Llama-3.2-3B-Math-LoRA (Reasoning Model)

This model is a fine-tuned version of Llama-3.2-3B-Instruct, specialized in solving mathematical problems using a reflective, iterative reasoning process. It was trained using Unsloth to mimic human-like stream-of-consciousness thinking, similar to the DeepSeek-R1 approach.

Key Features

  • Reflective Thinking: The model explores the problem, expresses self-doubt, and refines its logic before providing a final answer.
  • Efficient Fine-tuning: Trained using LoRA (Low-Rank Adaptation) in 4-bit quantization.
  • Math Specialist: Optimized with the OpenR1-Math-220k dataset to handle algebraic and arithmetic logic.

Training Metrics

The model was trained for 60 steps on a single NVIDIA T4 GPU (Google Colab).

Metric Value
Training Loss (Final) ~0.85 (Check your Colab logs)
Learning Rate 2e-4
Optimizer AdamW 8-bit
Batch Size 1 (with 8 gradient accumulation steps)
Precision 4-bit Quantization

How to Use (Inference Code)

Since this is a LoRA adapter, you can load it using the following code. Make sure you have unsloth installed.

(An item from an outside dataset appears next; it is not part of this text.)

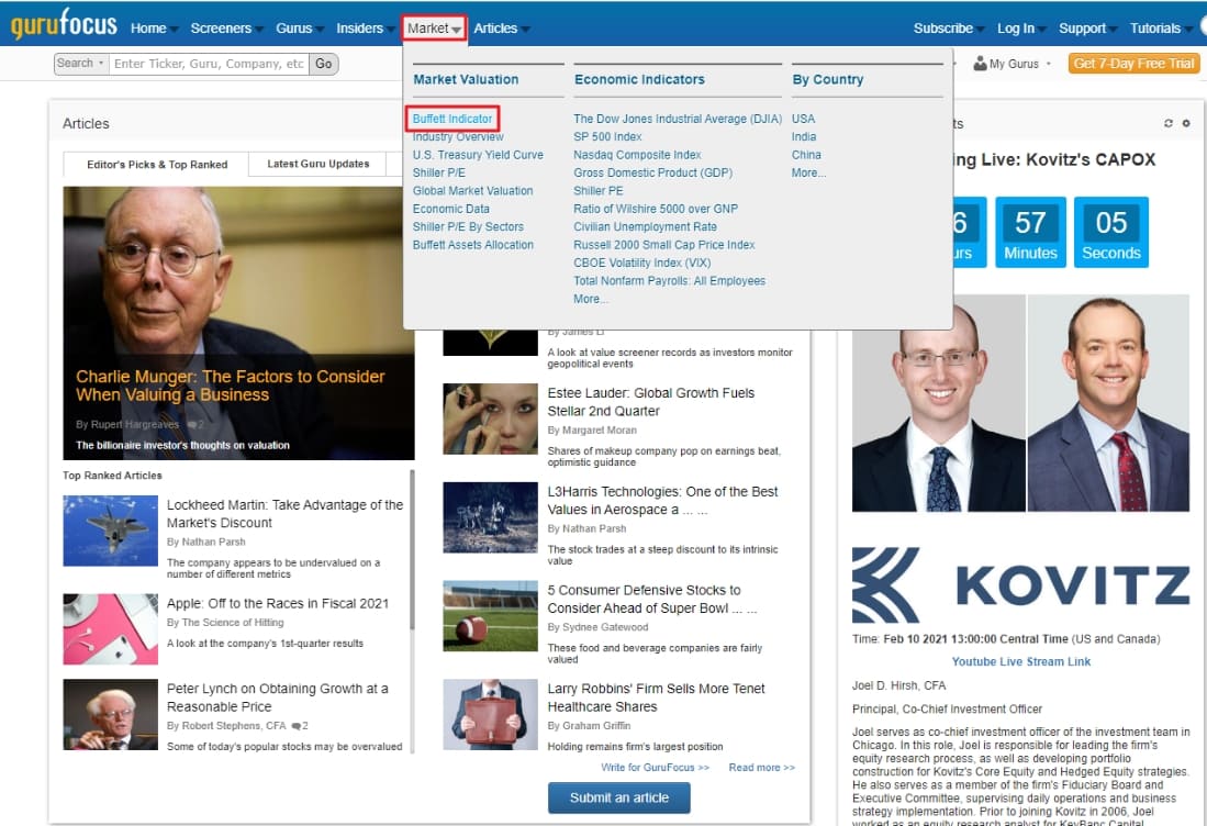 지금까지 알려드린 사이트에서 시가총액과 GDP를 확인 후 버핏지수를 구할 수도 있지만, 이렇게 일일이 구하지 않고도 버핏지수를 알아서 구해 정리해둔 유용한 사이트가 있어서 소개해드립니다.

Installation & Dependencies (CMD)

To run this model, you must have a GPU environment (like Google Colab or a local GPU). Install the necessary dependencies using the following commands:

!pip install -q huggingface_hub
!pip install -q unsloth
!pip install -q --force-reinstall --no-cache-dir --no-deps git+https://github.com/unslothai/unsloth.git
from unsloth import FastLanguageModel
import torch

# Load the model and tokenizer
model, tokenizer = FastLanguageModel.from_pretrained(
    model_name = "rimon-dutta/Llama-3.2-3B-Math-LoRA",
    max_seq_length = 2048,
    load_in_4bit = True,
)
FastLanguageModel.for_inference(model)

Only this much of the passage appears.